Our friend even commented on the difficulty of finding a place to put their kid for a long enough duration so they could get what they needed to get done. This is where she placed the phrase, "Mommy's education is priority." I guess in the end I found the whole discourse sad and depressing, mainly for the child. Here's a kid who never gets to see her parents, and when she does, I'm guessing they're too busy to spend quality time with her. Law school has a way of doing that.

Children, in the end, are the victims of our selfish and mindless pursuits. They need a family, and when you get down to it, we all need our families, but of course we take them for granted in the pursuit of the American Dream. Not that my words would, or should, change the way people do things. I don't expect people to agree with me, but I am struck by the state of the world. Family really has been relegated to the backseat of the car of life.

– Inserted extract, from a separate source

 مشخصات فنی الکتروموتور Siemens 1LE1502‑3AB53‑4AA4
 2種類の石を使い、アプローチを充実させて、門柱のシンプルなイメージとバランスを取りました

Our friend also mentioned another of our friends, whom we haven't seen in ages, and there seemed to be more bad news. Apparently they're going through a rough period because mom is going to law school and dad is too self-absorbed to be responsible at home, making mom's job all that much harder. I can see it, I know him well enough, he's the archetype male, self-absorbed and unable to cope with hardship in a mature manner. It's one thing to whine, but not dealing with life and making your wife deal with it, on top of all her hardships with school and all, is going a bit too far. Maybe it comes from being a spoiled kid growing up, but as a father, you really need to step up and deal with your duties. You owe it to your family. Not that she's such a saint in all this, she's a bit wrapped up in her own future, as well, and once she becomes a lawyer, her time with her kids will more than likely dwindle down to zero.